Everything in the listing should be transcribed exactly, apart from the pictures.

(Beginning of DATASET EXTRACT)

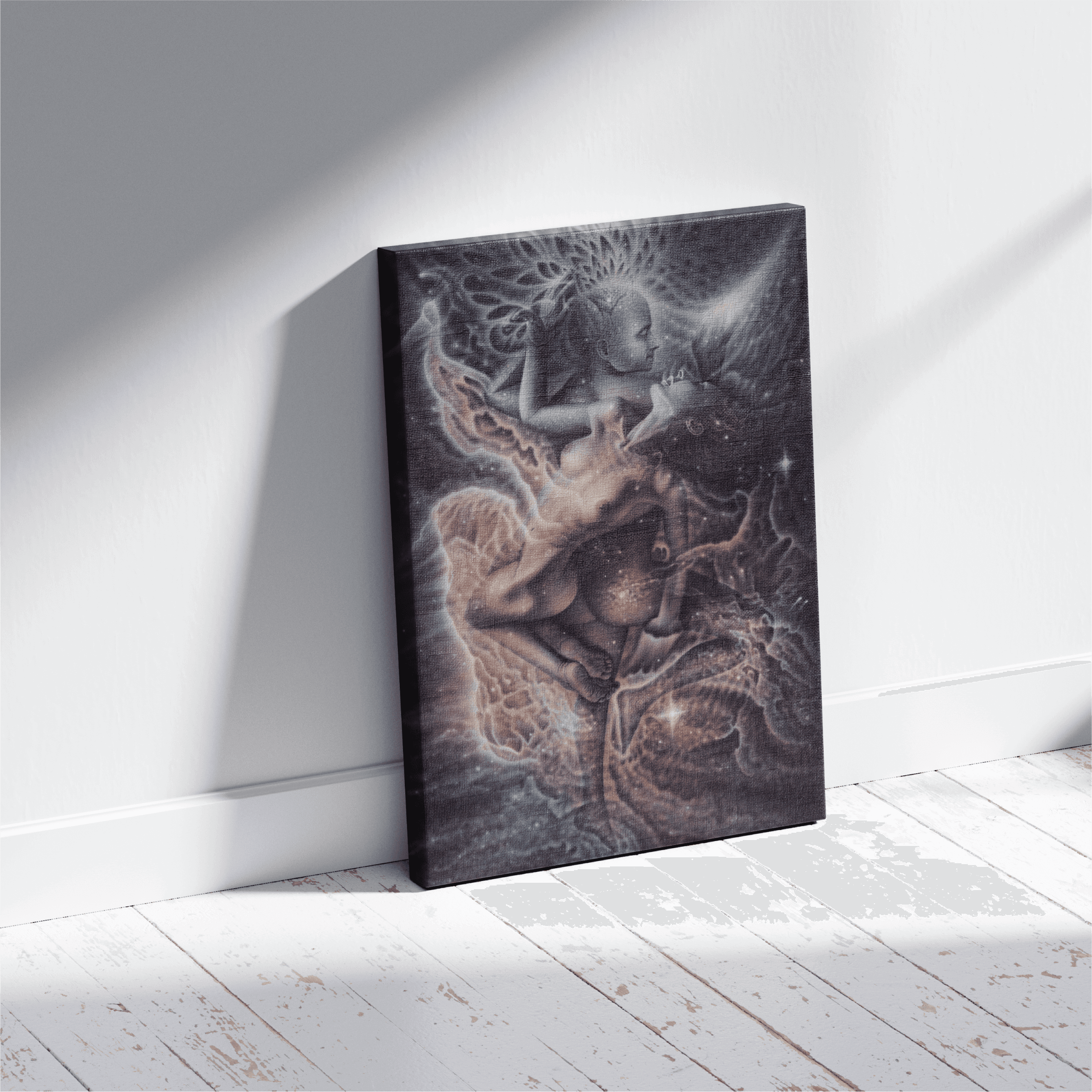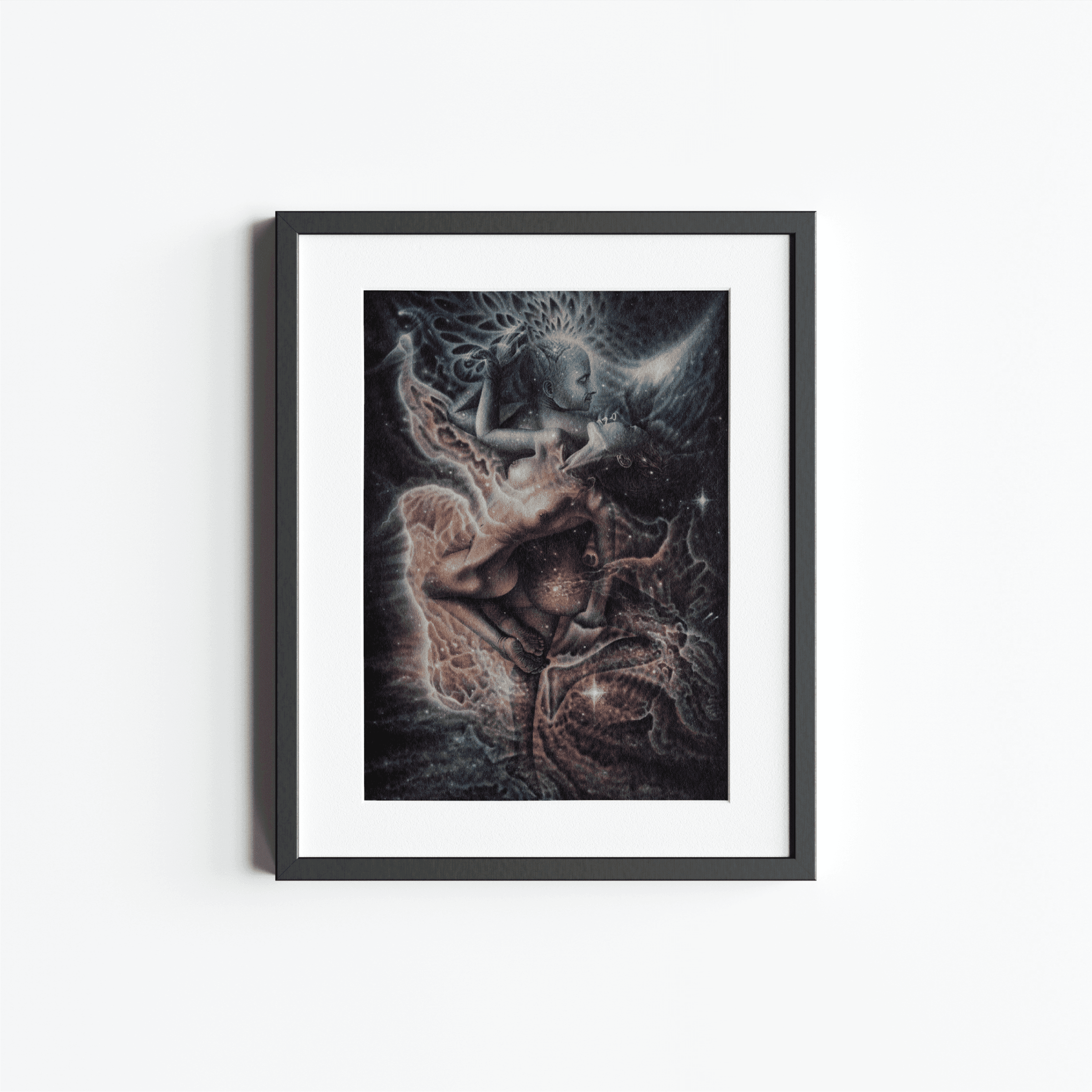 Two ethereal figures intertwine in a weightless cosmic space. Their bodies merging in a fluid exchange of energy and presence. The upper figure radiates intricate blossoming patterns from the mind, while the lower figure arches open in surrender, bathed in soft celestial light. Surrounding them, currents of stardust and organic wave-like forms pulse as if the universe itself is participating in their union. The painting evokes a sense of sacred intimacy where physical connection becomes a gateway to transcendence, transformation and the dissolving of self into something vast and eternal.
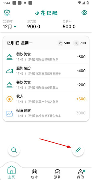 1、在小花记账首页点击右下角的编辑按钮,进入添加账单页面。
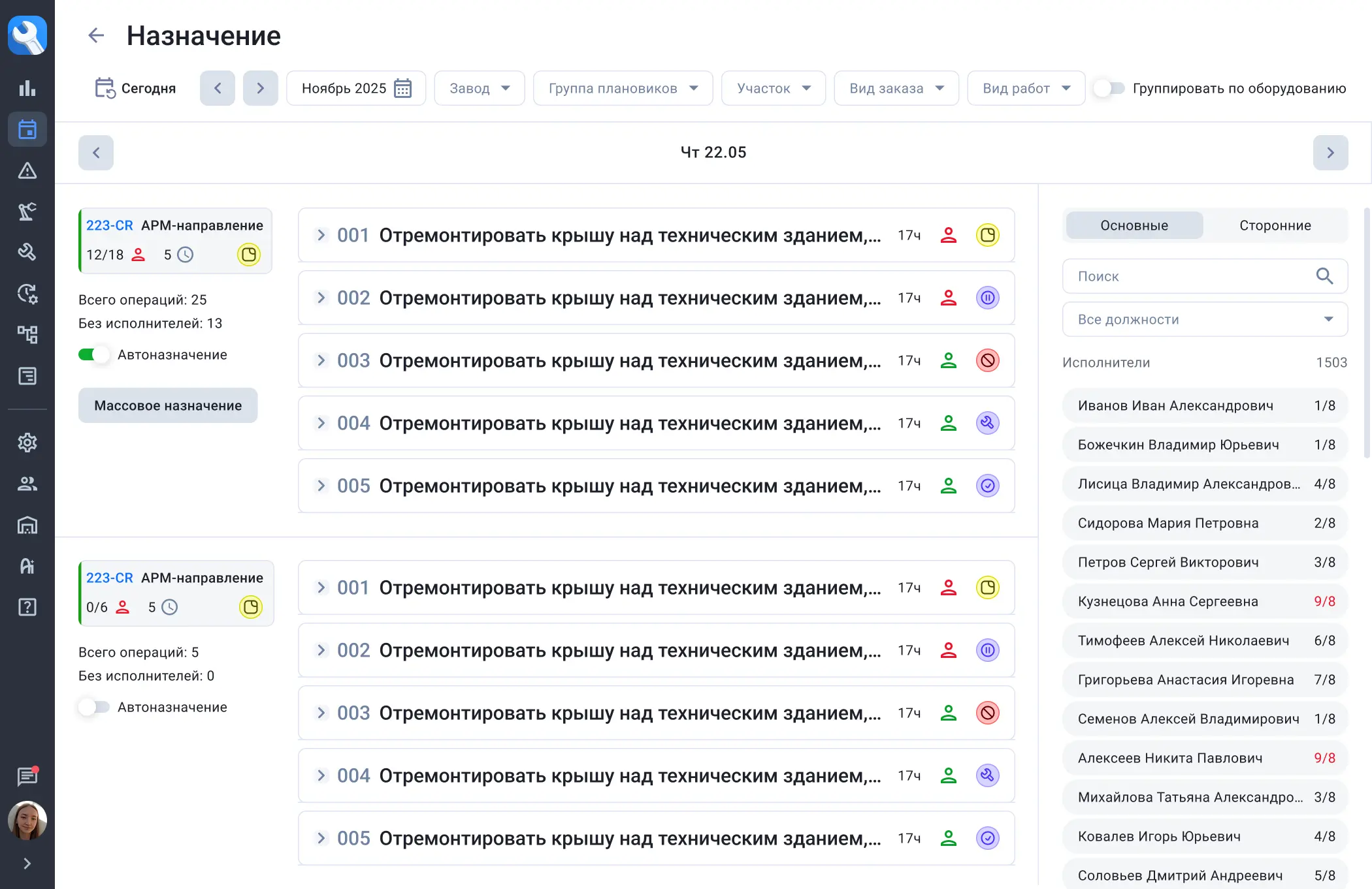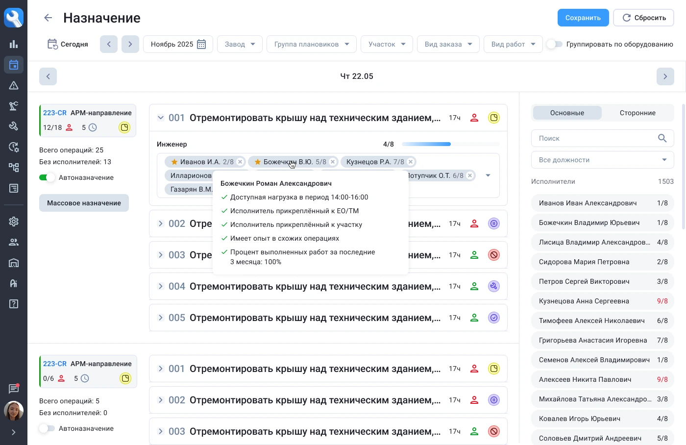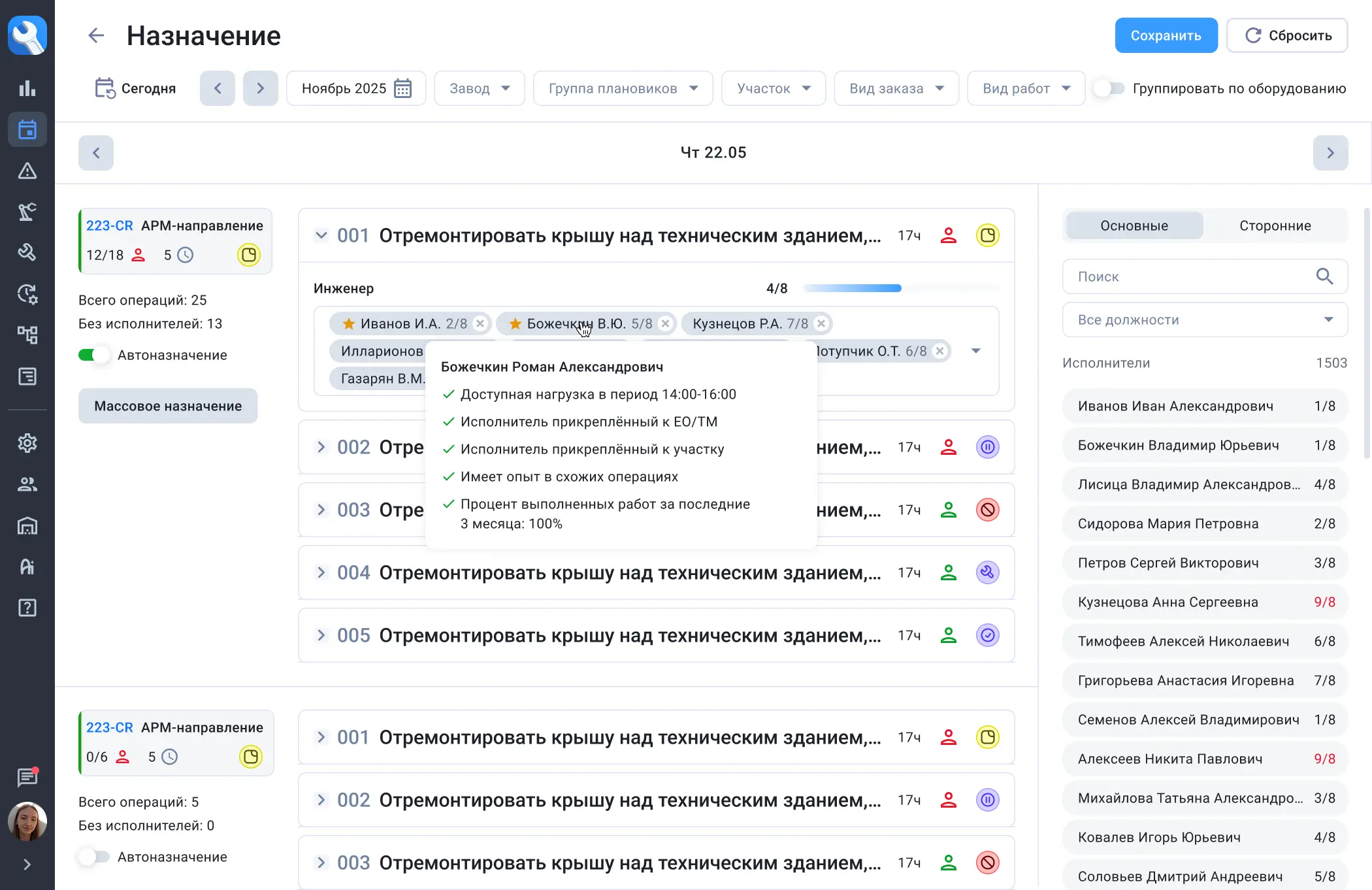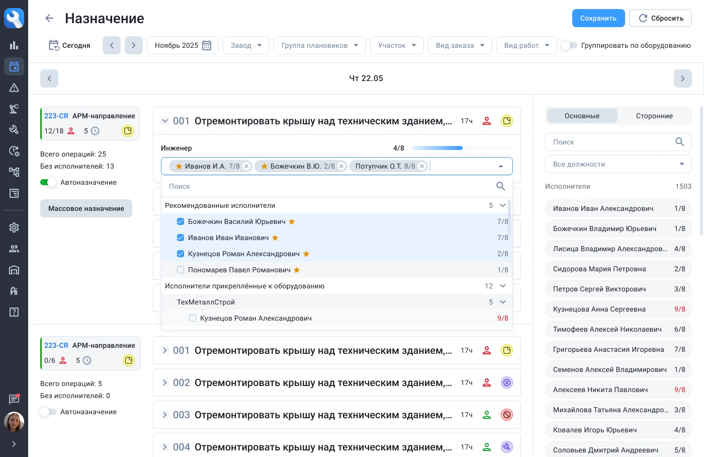 - Назначение исполнителей на операции заказов в соответствии с должностью и их доступностью

(End of DATASET EXTRACT)

§ WRITTEN RESPONSE:
 Two ethereal figures intertwine in a weightless cosmic space. Their bodies merging in a fluid exchange of energy and presence. The upper figure radiates intricate blossoming patterns from the mind, while the lower figure arches open in surrender, bathed in soft celestial light. Surrounding them, currents of stardust and organic wave-like forms pulse as if the universe itself is participating in their union. The painting evokes a sense of sacred intimacy where physical connection becomes a gateway to transcendence, transformation and the dissolving of self into something vast and eternal.
 1、在小花记账首页点击右下角的编辑按钮,进入添加账单页面。
 - Назначение исполнителей на операции заказов в соответствии с должностью и их доступностью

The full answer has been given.